Richard Guenther - May 13, 2013, 8:17 a.m.
On Mon, May 13, 2013 at 5:45 AM, Kugan
<kugan.vivekanandarajah@linaro.org> wrote:
> Hi,
>
> This patch removes some of the redundant sign/zero
> extensions using value ranges informations generated by VRP.
>
> When GIMPLE_ASSIGN stmts with LHS type smaller than word is expanded to
> rtl, if we can prove that RHS expression value can always fit in LHS
> type and there is no sign conversion, truncation and extension to fit
> the type is redundant. Subreg and Zero/sign extensions are therefore
> redundant.
>
> For example, when an expression is evaluated and it's value is assigned
> to variable of type short, the generated rtl would look something like
> the following.
>
> (set (reg:SI 110)
>           (zero_extend:SI (subreg:HI (reg:SI 117) 0)))
>
> However, if during value range propagation, if we can say for certain
> that the value of the expression which is present in register 117 is
> within the limits of short and there is no sign conversion, we don’t
> need to perform the subreg and zero_extend; instead we can generate the
> following rtl.
>
> (set (reg:SI 110)
>           (reg:SI 117)))
>
> Attached patch adds value range information to gimple stmts during value
> range propagation pass and expands rtl without subreg and zero/sign
> extension if the value range is within the limits of it's type.
>
> This change improve the geomean of spec2k int benchmark with ref by about
> ~3.5% on an arm chromebook.
>
> Tested  on X86_64 and ARM.
>
> I would like review comments on this.

A few comments on the way you preserve this information.
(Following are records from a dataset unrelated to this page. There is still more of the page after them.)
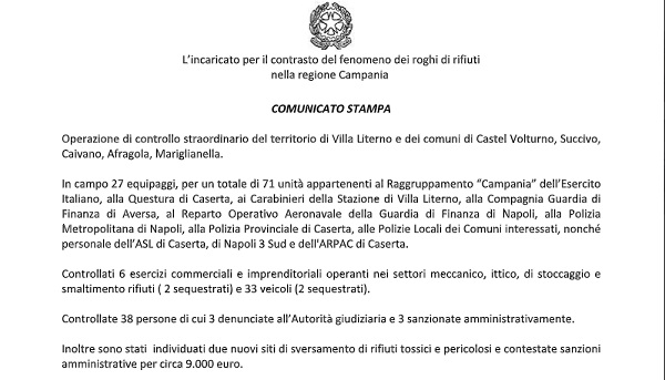 Questo il comunicato inviatoci dall'Ufficio dell'Incaricato per il contrasto del fenomeno dei roghi di rifiuti nella Regione Campania
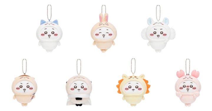 ちいかわが他のキャラクターの着ぐるみを身につけた、なりきりマスコットです。ミニサイズでボールチェーン付きのため、バッグに付けて持ち歩けます。
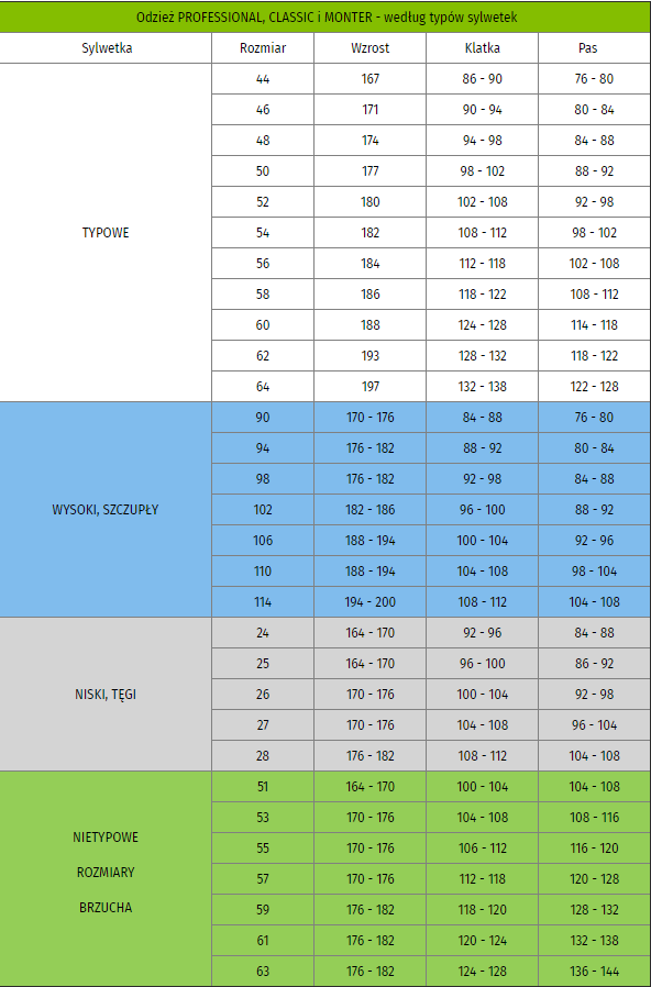 - spodnie dla pracowników magazynów, produkcji

My original plan to preserve value-range information was to re-use
SSA_NAME_PTR_INFO which is where we already store value-range
information for pointers:

struct GTY(()) ptr_info_def
{
  /* The points-to solution.  */
  struct pt_solution pt;

  /* Alignment and misalignment of the pointer in bytes.  Together
     align and misalign specify low known bits of the pointer.
     ptr & (align - 1) == misalign.  */

  /* When known, this is the power-of-two byte alignment of the object this
     pointer points into.  This is usually DECL_ALIGN_UNIT for decls and
     MALLOC_ABI_ALIGNMENT for allocated storage.  When the alignment is not
     known, it is zero.  Do not access directly but use functions
     get_ptr_info_alignment, set_ptr_info_alignment,
     mark_ptr_info_alignment_unknown and similar.  */
  unsigned int align;

  /* When alignment is known, the byte offset this pointer differs from the
     above alignment.  Access only through the same helper functions as align
     above.  */
  unsigned int misalign;
};

what you'd do is to make the ptr_info_def reference from tree_ssa_name a
reference to a union of the above (for pointer SSA names) and an alternate
info like

struct range_info_def {
  double_int min;
  double_int max;
};

or a more compressed format (a reference to a mode or type it fits for example).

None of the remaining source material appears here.